A couple of months later, the doctor runs into his patient on the street.
"Doctor, Doctor!" exclaims the man excitedly, "I've got to thank you!  This drug is a miracle! It's wonderful!"
"Well, I'm glad to hear that," says the pleased physician. "What does your wife think about it?"
"Wife?" asks the man. "I haven't been home yet."

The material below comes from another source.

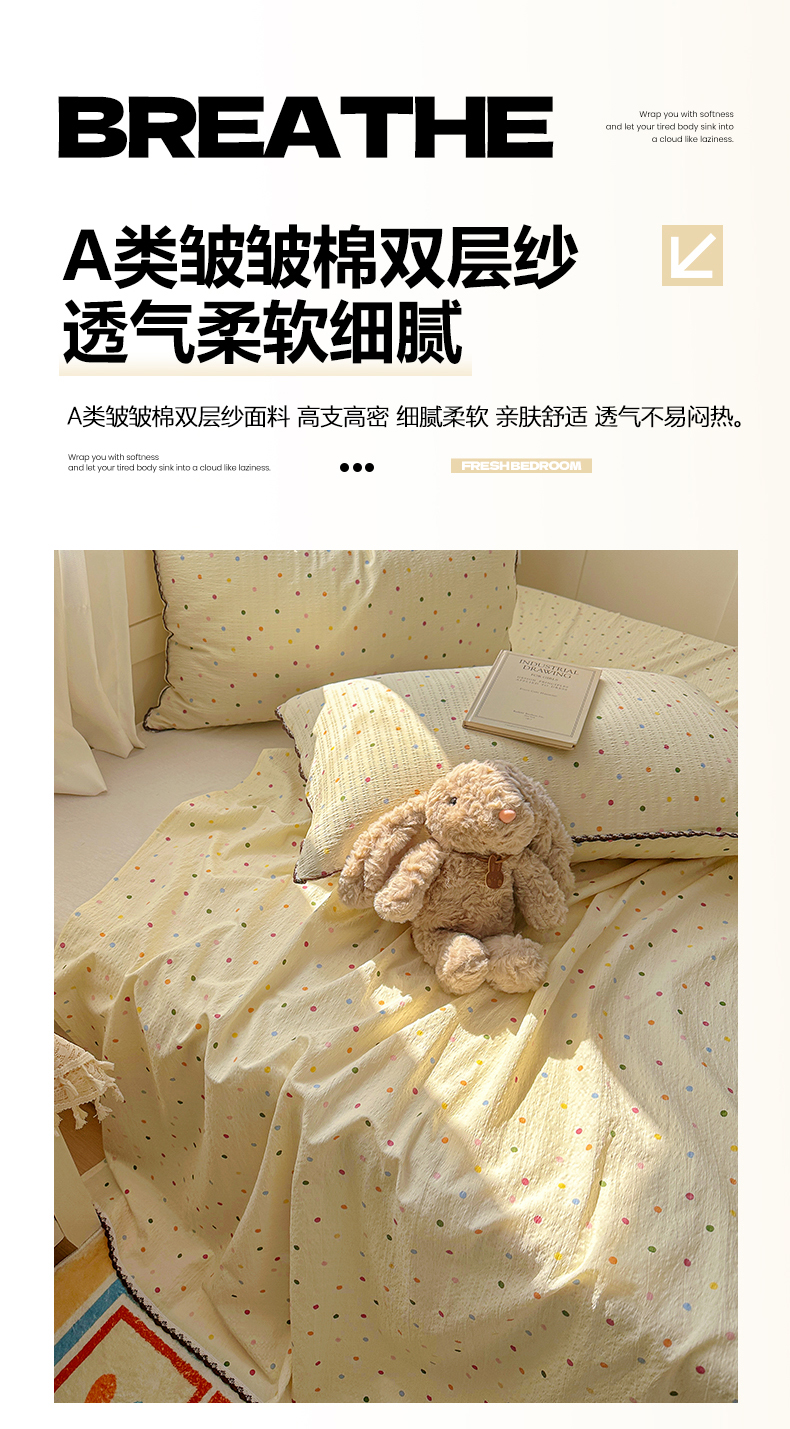 (总)优卡迪家纺馆 2025新款A类全棉镂空花边皱皱棉双层纱四件套,相见欢,花园小兔,蝶舞,繁花,好伙伴,花香浮梦,可比熊,蓝玫之约,流苏,奶油波点,沁园春,盛夏,晚晴,小精灵,长相思,紫薇
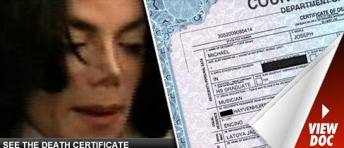 在這份注明2009年7月7日開立的死亡證明書寫著,黑人男性,死者全名為麥可爾‧約瑟夫‧杰克遜(Michael Joseph Jackson),生于1958年8月29日,死于2009年6月25日,終年50歲。

The woman was waiting for a diagnosis of her husband's illness. 
The doctor approached her with a dour expression and said, "I don't like the look of him."
The man's wife said, "I don't either, but he's good to the children."

SECOND OPINION

A doctor and his wife were having a big argument at breakfast. "You aren't so good in bed either!" he shouted and stormed off to work.
By midmorning, he decided he'd better make amends and phoned home.
After many rings, his wife picked up the phone. "What took you so long to answer the phone?"
"I was in bed."
"What were you doing in bed this late?"
"Getting a SECOND OPINION."

QUITE DOPEY

A nurse had to take a patient back to  her room after surgery. Woman was still feeling the effects of the anesthetic and was rather confused. After nurse had made her comfortable, she was confronted with four of woman friends who asked, "How is she?" 
The nurse replied, "Oh, she's quite dopey." 
One of the friends said, "We know that, but how is she healthwise?"

ACCIDENTS

The local physician was walking along a street one winter morning. The sidewalk was sheeted with ice and the doctor was making his way carefully, as was also an older lady going in the opposite direction. In seeking to avoid each other, both slipped and they came down in a heap.
The polite doctor was overwhelmed and his embarrassment paralyzed his speech, but the older lady was equal to the occasion.
"Doctor, if you will be kind enough to rise and pick out your legs, I will take what remains," she said cheerfully.